Mumbai Local Trains originate and terminate at Goregaon. Platforms 1 and 2 operate slow trains towards Churchgate and CSMT whereas Platform 7 operates fast trains towards Churchgate only.

Transport 
Goregaon Railway Station is the transport hub of Goregaon. The station currently has seven platforms, two of which are new harbor-line platforms, and was expanded as a part of the Harbour Line extension (under MUTP 2) from Andheri. The expansion, involving two additional platforms and an elevated deck with passenger amenities (on the western side of the existing station) has been completed in 2018.

A recently constructed skywalk connects one of the foot-over-bridges to S. V. Road near Citi Centre, a shopping complex near the M. G. Road junction.
BEST has bus stations on both western as well as the eastern side of the railway station. Goregaon Depot, however, is located away from the railway station, on the Link Road. The link road has seen an increase in the traffic of late after the commencement of the Mumbai Metro construction work.

There is a new flyover bridge at Ram Mandir road connecting Goregaon West and East. Also Ram Mandir railway station is operational since December 2016. The next important transport project for Goregaon will be the GMLR (Goregaon Mulund Link Road) which will be a 5km underground road consisting of two tunnels each having three lanes. This road will link Goregaon to Bhandup.

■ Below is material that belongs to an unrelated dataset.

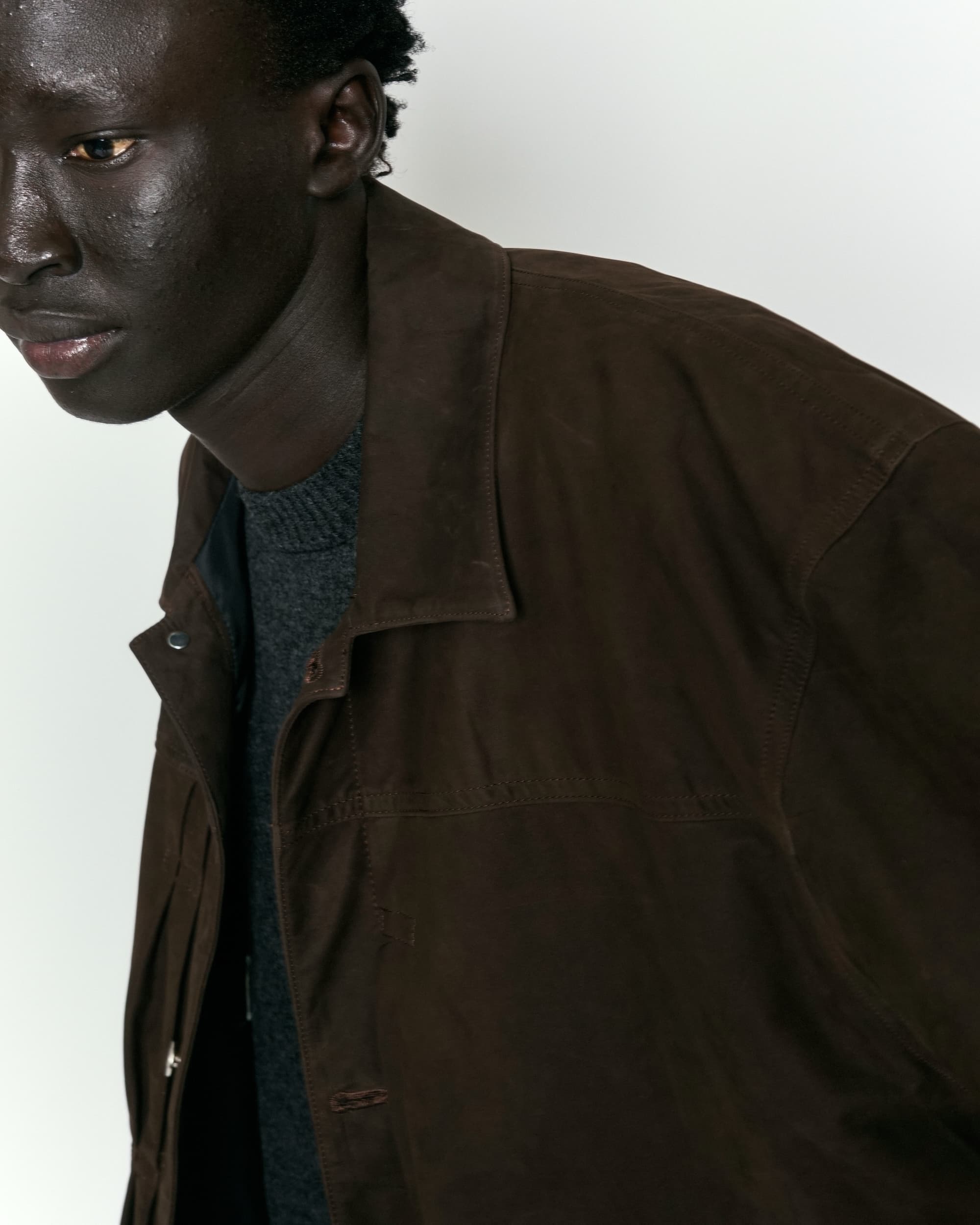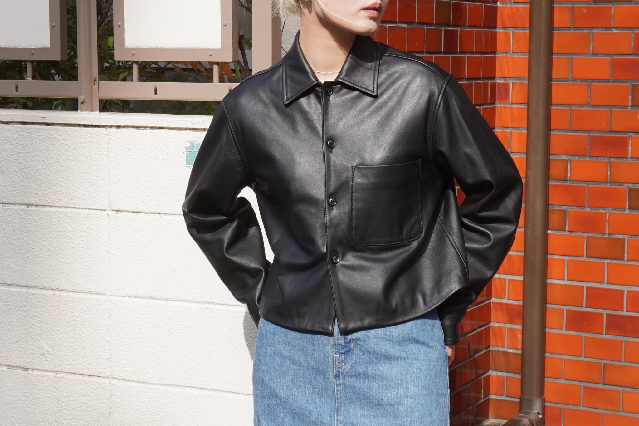 レザーに抵抗がある方も、MY___らしいカジュアルさがプラスされたこのシャツジャケットだったら着やすいと思います。ぜひ袖を通してみてください。

The upcoming Metro line (Line 2) between Dahisar to Mankhurd will further improve the connectivity of this western suburb with the far-off eastern suburbs of the city. Currently, this section of the Metro Rail Project is under construction.

Nature and conservation
Goregaon bounds Sanjay Gandhi National Park from the south-western side and is home to the Conservation Education Centre (CEC) run by the Bombay Natural History Society (BNHS). The area is home to a diverse flora and fauna.

Recent development on the eastern side has led to a huge amount of deforestation. Leopard sightings and even the occasional attacks are not very rare and not just in the hamlets inside the Aarey Milk Colony but also in large residential colonies like Nagari Nivara Parishad.

Education

Colleges

 Indira Gandhi Institute of Development Research
 Patkar-Varde College
 Lords Universal College (Topiwala Marg, Goregaon West) 
 Vivek College of Commerce
 Sanskardham College of Science

Schools

 A. B. Goregaonkar English School
 Oberoi International School
 Yashodham high school 
 Ryan International School, Goregaon
 St Thomas High School, Goregaon East
 St Thomas Academy, Goregaon West
 St John's Universal English High School Goregaon West
 Vibgyor High School
 Mount Mary High School
Lakshadham High School
Gokuldham High School
M.T.S.Khalsa High School (Bangur Nagar, Goregaon West) 
Bangur Vidya Bhawan & Junior College

In popular culture
 Fictional setting of 'Gokuldham society' in Taarak Mehta Ka Ooltah Chashmah sitcom is purportedly located in Goregaon.

Film City is located in Goregaon which is predominantly used for most of the Bollywood and Marathi movies.